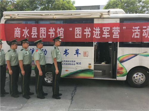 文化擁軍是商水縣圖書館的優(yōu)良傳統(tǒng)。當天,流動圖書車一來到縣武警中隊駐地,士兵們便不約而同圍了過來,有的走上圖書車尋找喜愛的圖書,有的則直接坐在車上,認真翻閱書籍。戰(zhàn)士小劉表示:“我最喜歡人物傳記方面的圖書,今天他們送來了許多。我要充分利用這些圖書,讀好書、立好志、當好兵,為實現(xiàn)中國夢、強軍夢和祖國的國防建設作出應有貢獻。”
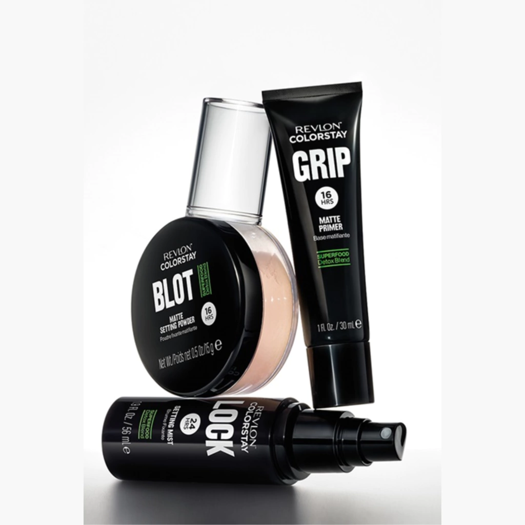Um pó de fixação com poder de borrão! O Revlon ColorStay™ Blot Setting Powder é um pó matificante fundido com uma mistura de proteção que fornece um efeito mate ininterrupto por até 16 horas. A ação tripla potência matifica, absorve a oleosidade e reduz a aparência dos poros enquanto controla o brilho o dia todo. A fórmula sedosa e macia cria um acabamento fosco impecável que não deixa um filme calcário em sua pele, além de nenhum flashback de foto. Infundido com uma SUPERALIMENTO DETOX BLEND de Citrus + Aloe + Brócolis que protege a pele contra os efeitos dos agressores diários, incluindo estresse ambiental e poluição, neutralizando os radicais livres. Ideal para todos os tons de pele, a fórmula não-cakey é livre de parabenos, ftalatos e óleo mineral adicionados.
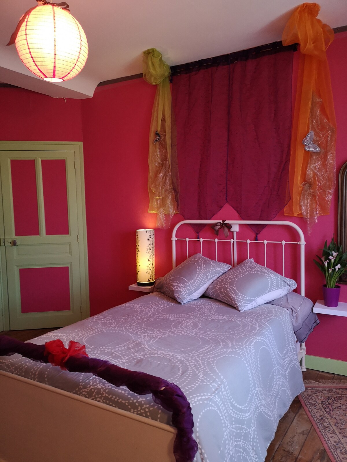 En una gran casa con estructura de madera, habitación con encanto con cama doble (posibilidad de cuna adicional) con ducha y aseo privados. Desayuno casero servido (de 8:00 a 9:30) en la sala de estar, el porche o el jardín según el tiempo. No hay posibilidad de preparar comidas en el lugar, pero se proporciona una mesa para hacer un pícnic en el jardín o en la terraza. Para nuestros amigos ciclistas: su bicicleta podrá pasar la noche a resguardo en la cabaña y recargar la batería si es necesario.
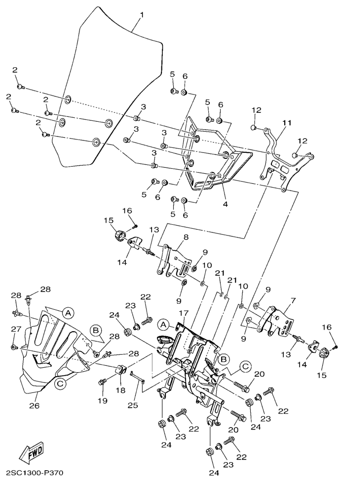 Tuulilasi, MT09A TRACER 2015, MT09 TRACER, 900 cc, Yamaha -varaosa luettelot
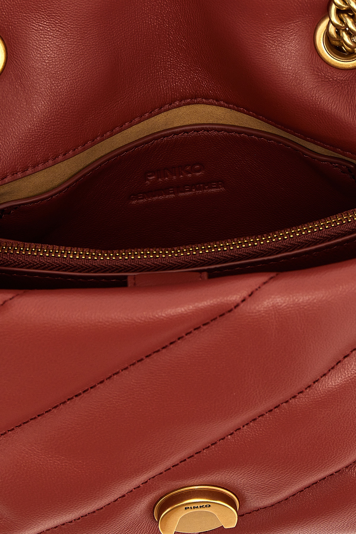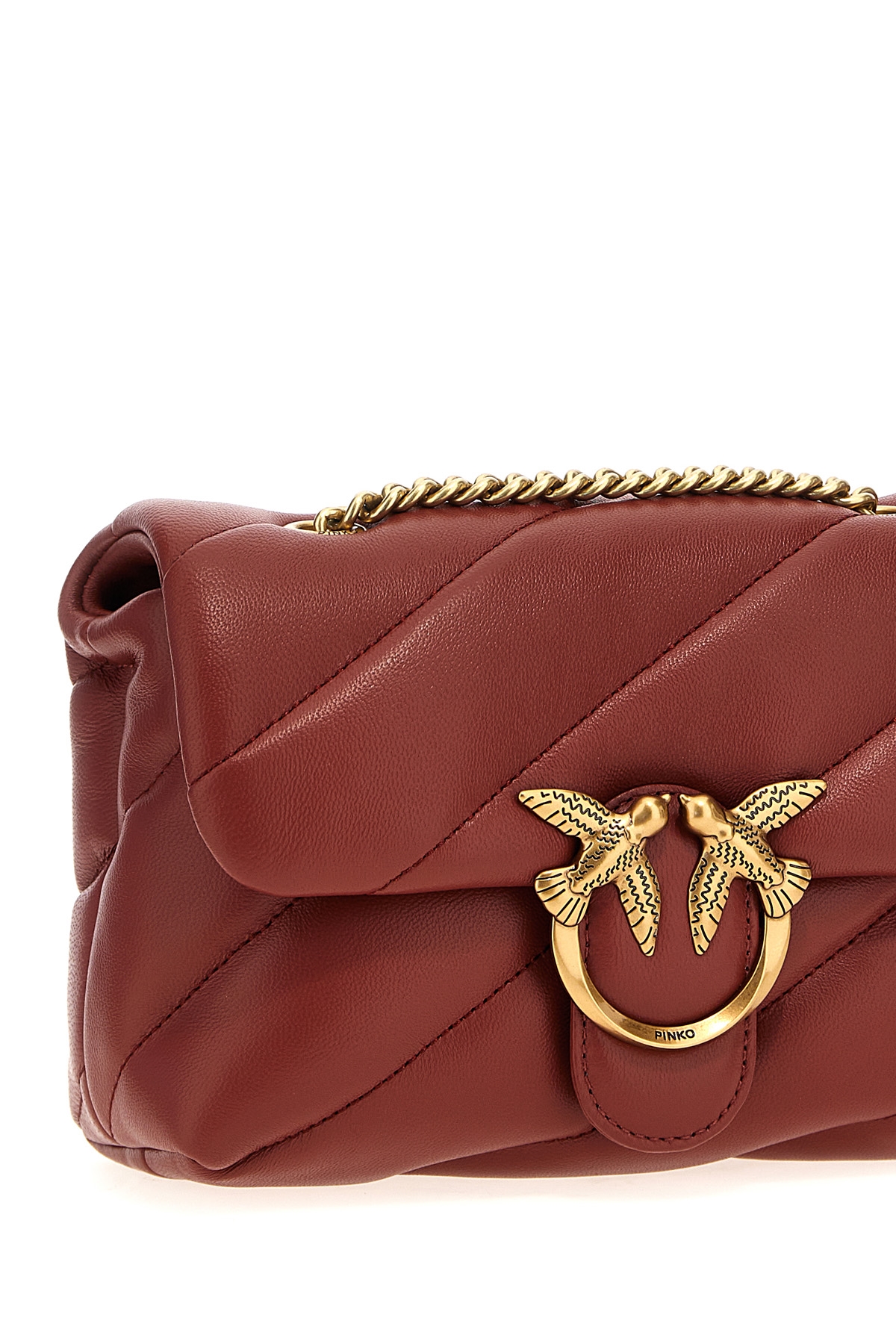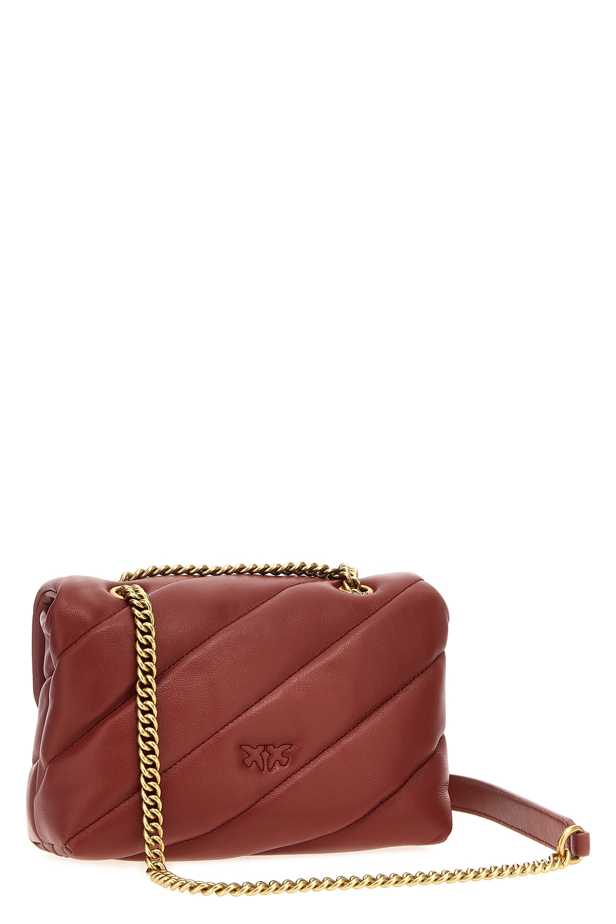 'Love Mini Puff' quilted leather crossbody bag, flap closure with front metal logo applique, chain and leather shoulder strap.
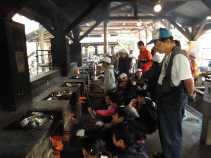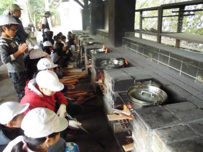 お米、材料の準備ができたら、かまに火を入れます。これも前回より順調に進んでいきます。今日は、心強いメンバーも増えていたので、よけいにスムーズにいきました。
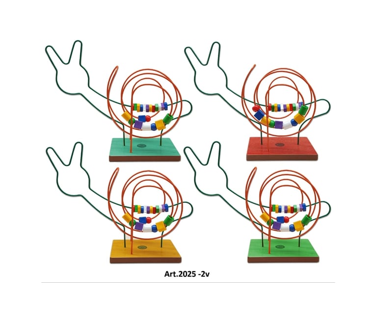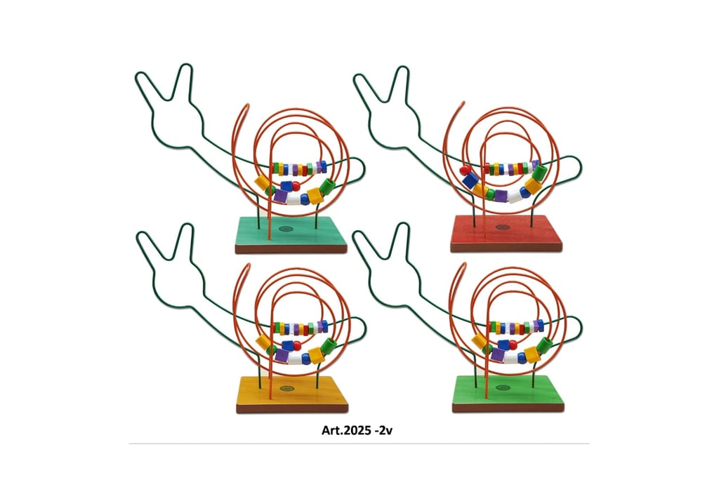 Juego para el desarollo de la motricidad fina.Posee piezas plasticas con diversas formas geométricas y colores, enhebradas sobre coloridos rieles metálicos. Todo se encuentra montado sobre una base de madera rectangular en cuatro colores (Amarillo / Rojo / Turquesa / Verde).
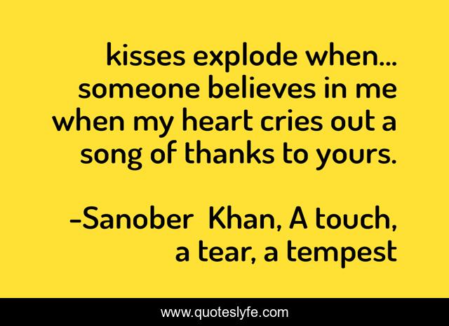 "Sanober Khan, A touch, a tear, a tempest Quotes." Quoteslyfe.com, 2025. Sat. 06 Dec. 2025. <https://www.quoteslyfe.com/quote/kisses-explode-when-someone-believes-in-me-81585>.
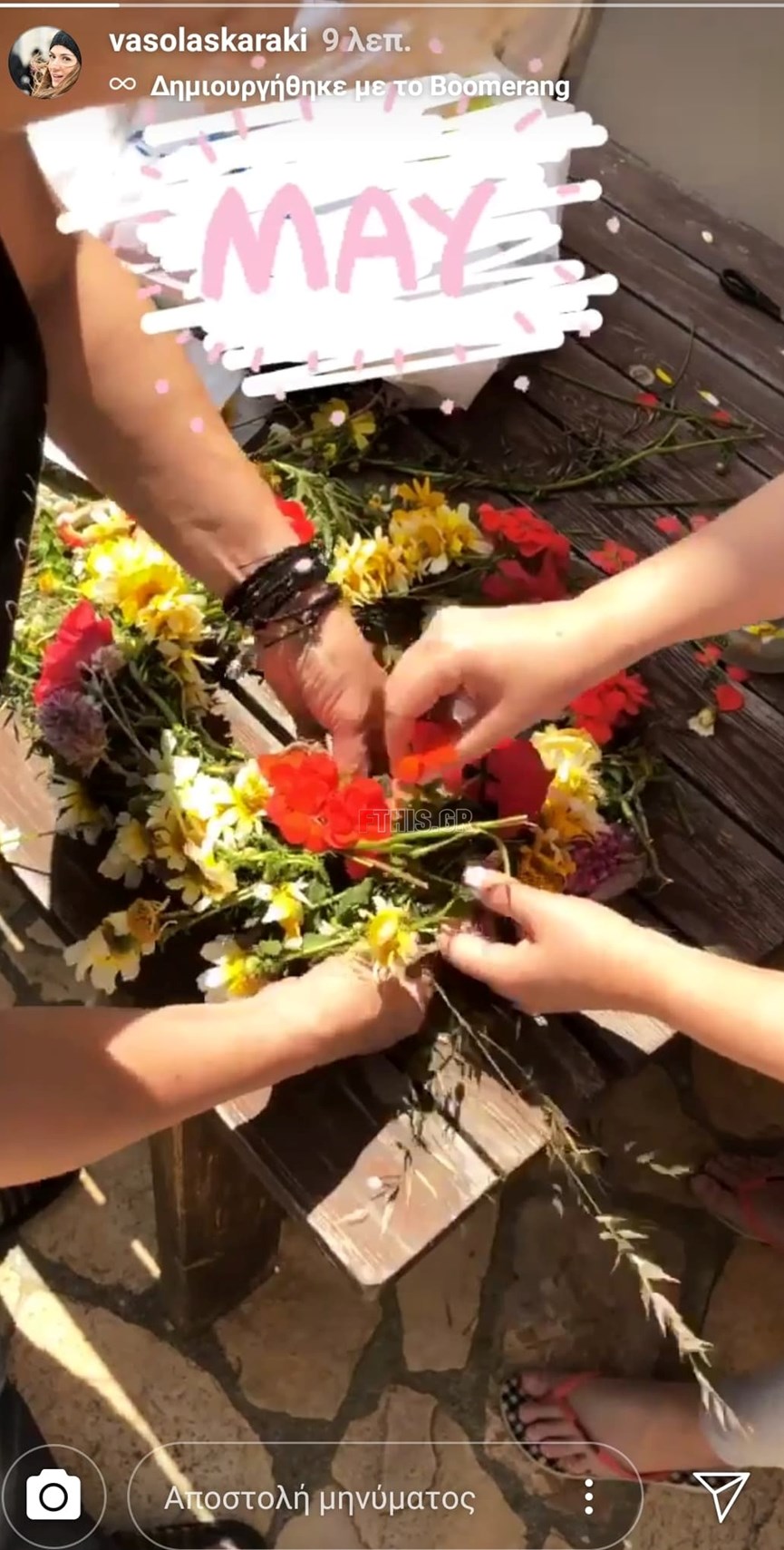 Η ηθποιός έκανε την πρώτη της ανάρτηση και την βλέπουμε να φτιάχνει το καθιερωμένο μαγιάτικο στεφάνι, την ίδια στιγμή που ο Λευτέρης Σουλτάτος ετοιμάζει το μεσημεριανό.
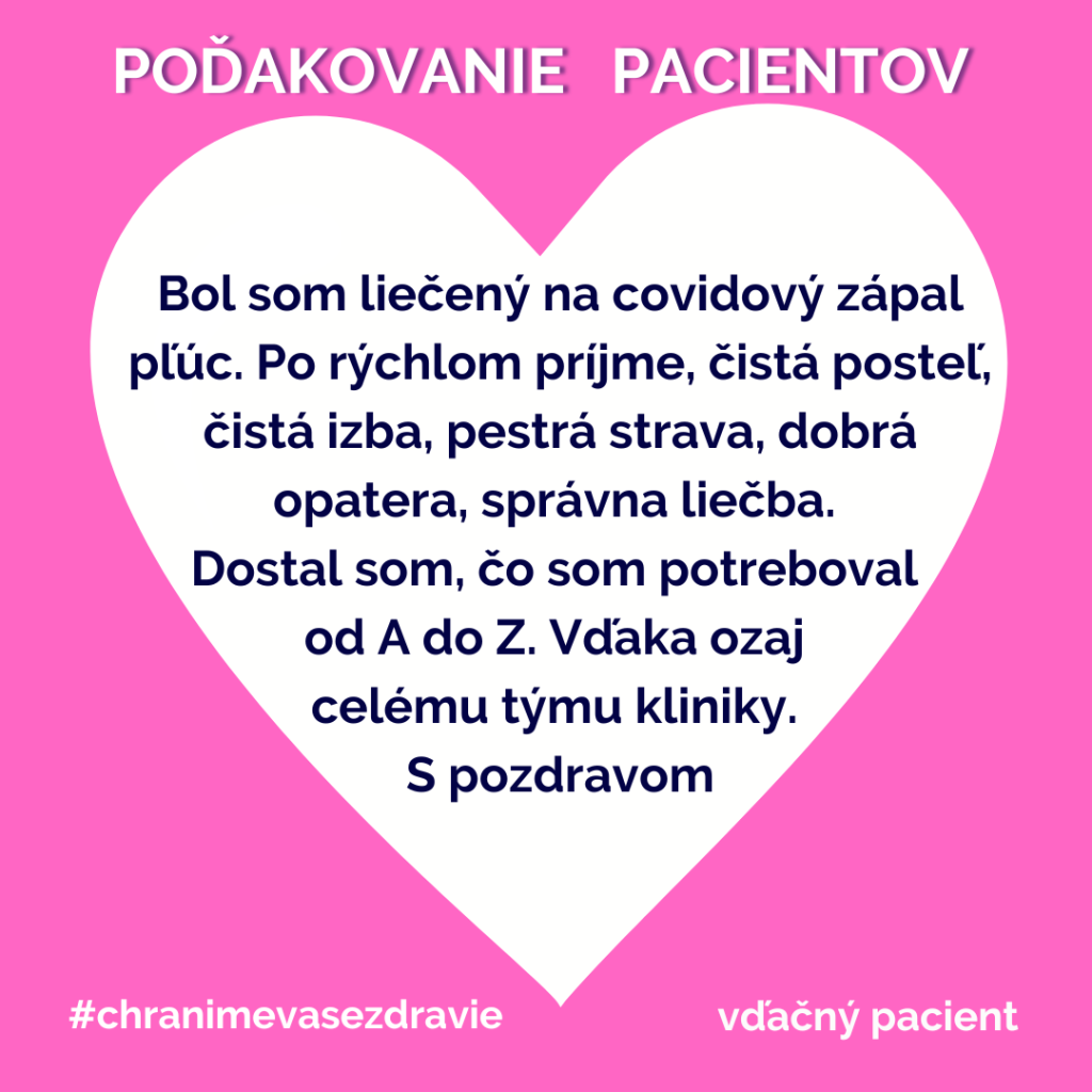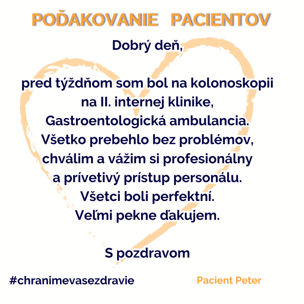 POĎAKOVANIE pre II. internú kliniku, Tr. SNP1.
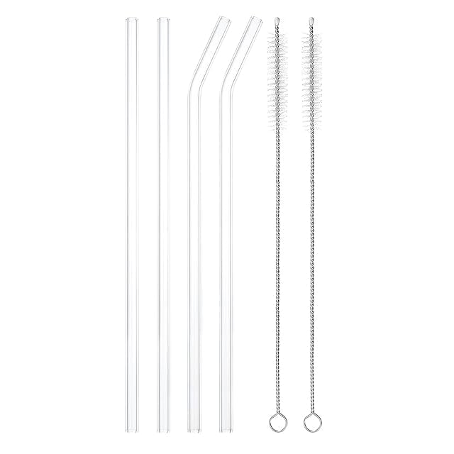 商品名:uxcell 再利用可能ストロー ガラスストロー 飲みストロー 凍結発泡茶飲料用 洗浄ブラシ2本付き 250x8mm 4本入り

Problem statement | Exactly as written, copy the entries above without their pictures.

Expected answer |
 文化擁軍是商水縣圖書館的優(yōu)良傳統(tǒng)。當天,流動圖書車一來到縣武警中隊駐地,士兵們便不約而同圍了過來,有的走上圖書車尋找喜愛的圖書,有的則直接坐在車上,認真翻閱書籍。戰(zhàn)士小劉表示:“我最喜歡人物傳記方面的圖書,今天他們送來了許多。我要充分利用這些圖書,讀好書、立好志、當好兵,為實現(xiàn)中國夢、強軍夢和祖國的國防建設作出應有貢獻。”
Um pó de fixação com poder de borrão! O Revlon ColorStay™ Blot Setting Powder é um pó matificante fundido com uma mistura de proteção que fornece um efeito mate ininterrupto por até 16 horas. A ação tripla potência matifica, absorve a oleosidade e reduz a aparência dos poros enquanto controla o brilho o dia todo. A fórmula sedosa e macia cria um acabamento fosco impecável que não deixa um filme calcário em sua pele, além de nenhum flashback de foto. Infundido com uma SUPERALIMENTO DETOX BLEND de Citrus + Aloe + Brócolis que protege a pele contra os efeitos dos agressores diários, incluindo estresse ambiental e poluição, neutralizando os radicais livres. Ideal para todos os tons de pele, a fórmula não-cakey é livre de parabenos, ftalatos e óleo mineral adicionados.
 En una gran casa con estructura de madera, habitación con encanto con cama doble (posibilidad de cuna adicional) con ducha y aseo privados. Desayuno casero servido (de 8:00 a 9:30) en la sala de estar, el porche o el jardín según el tiempo. No hay posibilidad de preparar comidas en el lugar, pero se proporciona una mesa para hacer un pícnic en el jardín o en la terraza. Para nuestros amigos ciclistas: su bicicleta podrá pasar la noche a resguardo en la cabaña y recargar la batería si es necesario.
 Tuulilasi, MT09A TRACER 2015, MT09 TRACER, 900 cc, Yamaha -varaosa luettelot
 'Love Mini Puff' quilted leather crossbody bag, flap closure with front metal logo applique, chain and leather shoulder strap.
 お米、材料の準備ができたら、かまに火を入れます。これも前回より順調に進んでいきます。今日は、心強いメンバーも増えていたので、よけいにスムーズにいきました。
 Juego para el desarollo de la motricidad fina.Posee piezas plasticas con diversas formas geométricas y colores, enhebradas sobre coloridos rieles metálicos. Todo se encuentra montado sobre una base de madera rectangular en cuatro colores (Amarillo / Rojo / Turquesa / Verde).
 "Sanober Khan, A touch, a tear, a tempest Quotes." Quoteslyfe.com, 2025. Sat. 06 Dec. 2025. <https://www.quoteslyfe.com/quote/kisses-explode-when-someone-believes-in-me-81585>.
 Η ηθποιός έκανε την πρώτη της ανάρτηση και την βλέπουμε να φτιάχνει το καθιερωμένο μαγιάτικο στεφάνι, την ίδια στιγμή που ο Λευτέρης Σουλτάτος ετοιμάζει το μεσημεριανό.
 POĎAKOVANIE pre II. internú kliniku, Tr. SNP1.
 商品名:uxcell 再利用可能ストロー ガラスストロー 飲みストロー 凍結発泡茶飲料用 洗浄ブラシ2本付き 250x8mm 4本入り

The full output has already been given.